# What is being asked
What you return must be the exact lines of the material below, from the first through the one that has "Description: A comforting", with no pictures and, please, nothing else.

# Data in this exercise
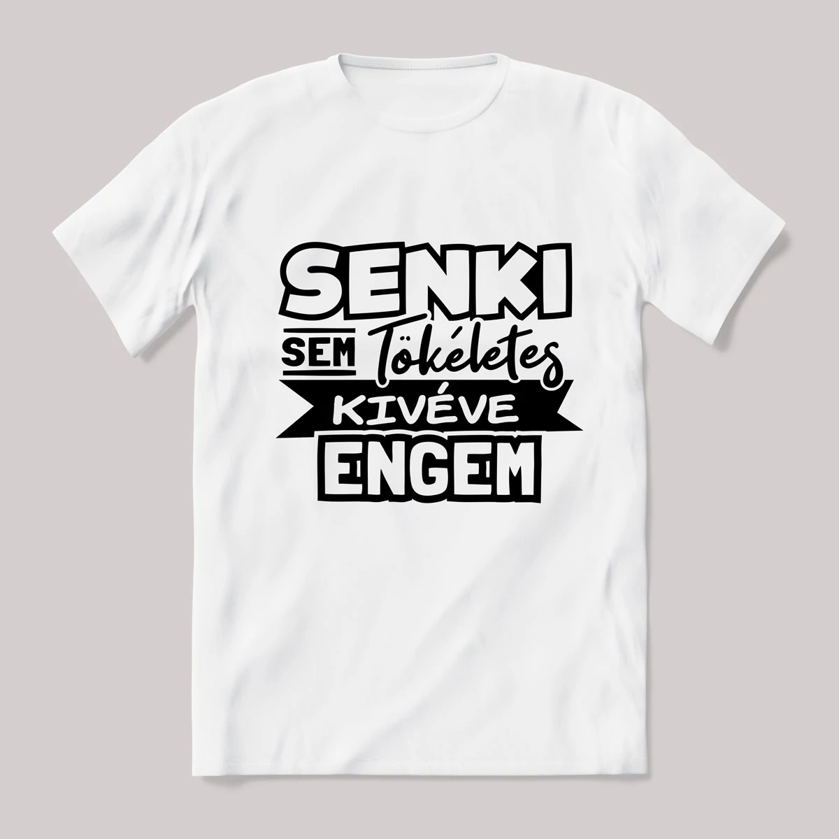 Senki sem tökéletes, kivéve engem! Feliratos póló – ha ezt viseled, mindenki tudni fogja, hogy nem csak stílusod, de humorod is van! Ez a Egoista pólók kategória egyik legmenőbb darabja.
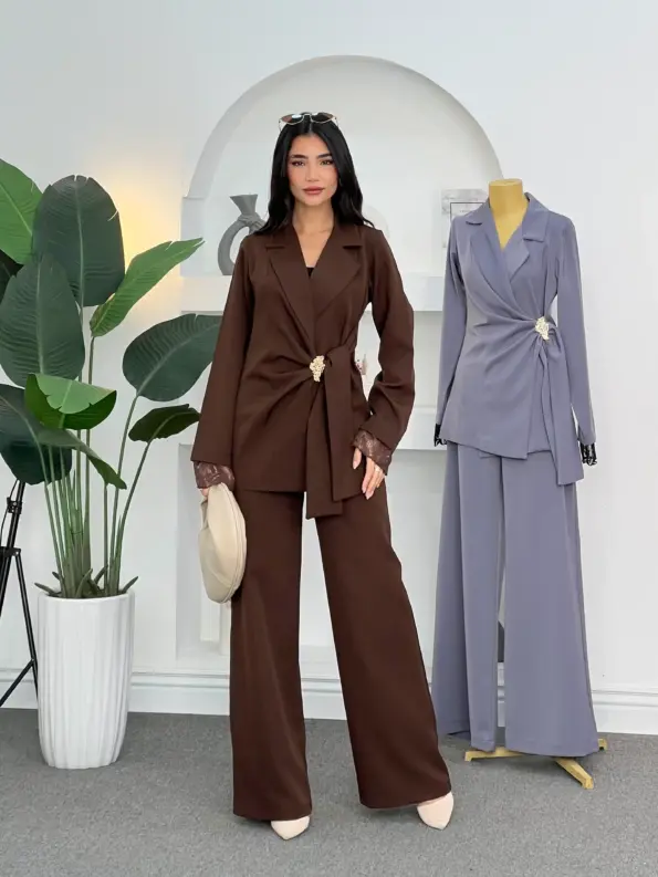 Women’s Casual Pocket Long Sleeve Suit Set 29$
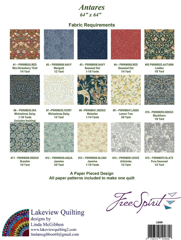 Antares is a 12 month BOM pattern. The feathered double star pieces and the cental star are paper pieced. The rest of the quilt uses traditional piecing methods. The paper foundations pieces are included to make one quilt. No special rulers are needed. It is designed using Free Spirit Fabrics by William Morris and Company.
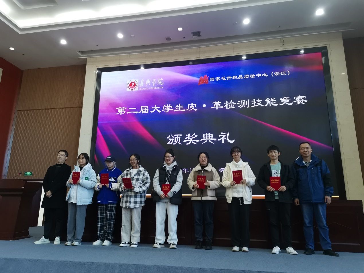 院长易洪雷教授、桐乡市市场监督管理局钱陈晨副书记、国家毛针织品质量检验检测中心(浙江)庄莉主任、袁绪政副主任、我校轻化工程系主任罗建勋教授及全体专任教师、轻化(实验)211班全体学生、轻化(专升本)231部分学生共29人参加了本次竞赛。
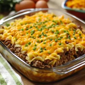 Description: A comforting and hearty casserole featuring ground beef, tender egg noodles, vibrant vegetables, and plenty of melty cheddar cheese. …
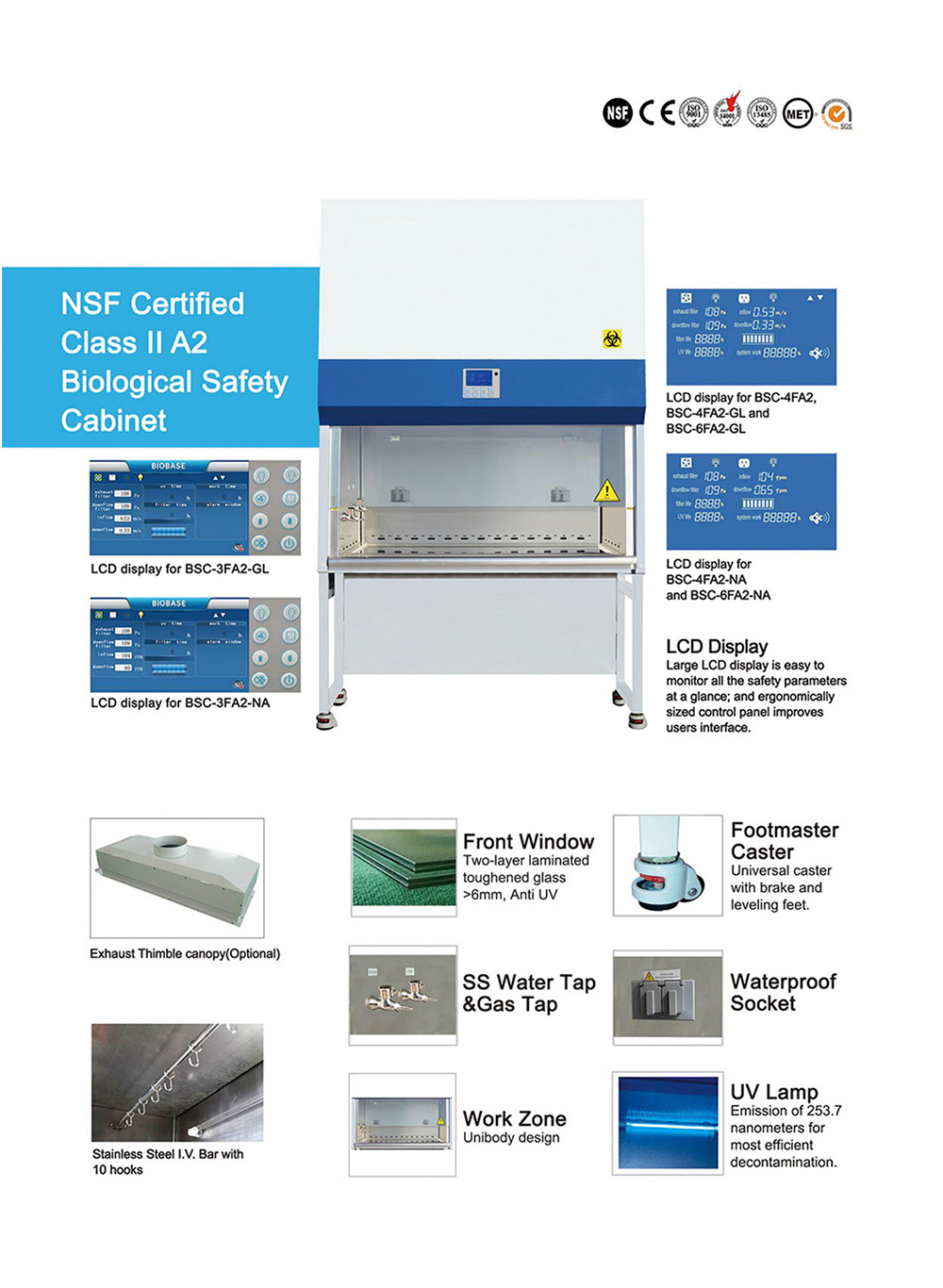 Three protection: operator, sample and environment. Airflow system: 70% air recirculation, 30% air exhaust A2 Cabinet is suitable for working with microbiological research in the absence of volatile or toxic chemicals and radionuclide.
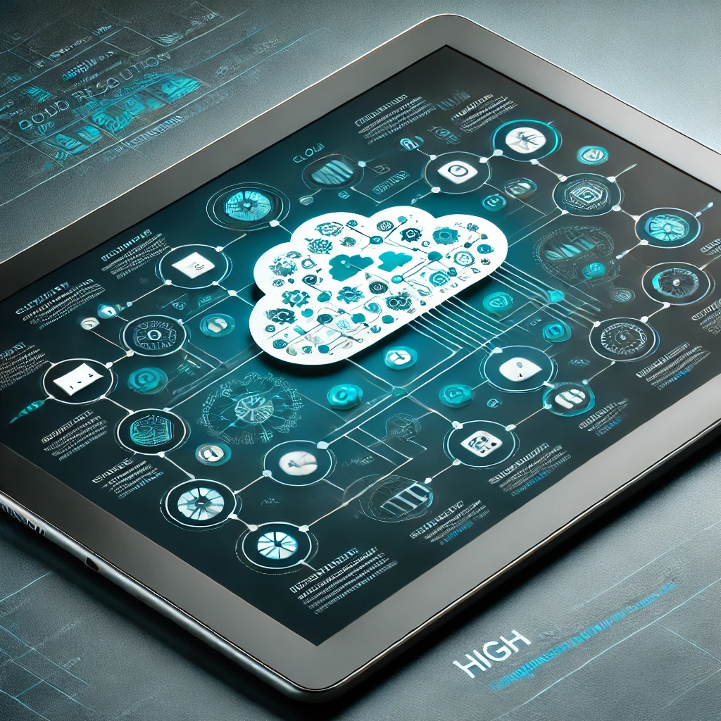 نمودار معماری محاسبات ابری بر روی تبلت، نشاندهنده سرویسهای متصل و جریان دادهها با استفاده از رنگ تئال.

# Result of the exercise
 Senki sem tökéletes, kivéve engem! Feliratos póló – ha ezt viseled, mindenki tudni fogja, hogy nem csak stílusod, de humorod is van! Ez a Egoista pólók kategória egyik legmenőbb darabja.
 Women’s Casual Pocket Long Sleeve Suit Set 29$
 Antares is a 12 month BOM pattern. The feathered double star pieces and the cental star are paper pieced. The rest of the quilt uses traditional piecing methods. The paper foundations pieces are included to make one quilt. No special rulers are needed. It is designed using Free Spirit Fabrics by William Morris and Company.
 院长易洪雷教授、桐乡市市场监督管理局钱陈晨副书记、国家毛针织品质量检验检测中心(浙江)庄莉主任、袁绪政副主任、我校轻化工程系主任罗建勋教授及全体专任教师、轻化(实验)211班全体学生、轻化(专升本)231部分学生共29人参加了本次竞赛。
 Description: A comforting and hearty casserole featuring ground beef, tender egg noodles, vibrant vegetables, and plenty of melty cheddar cheese. …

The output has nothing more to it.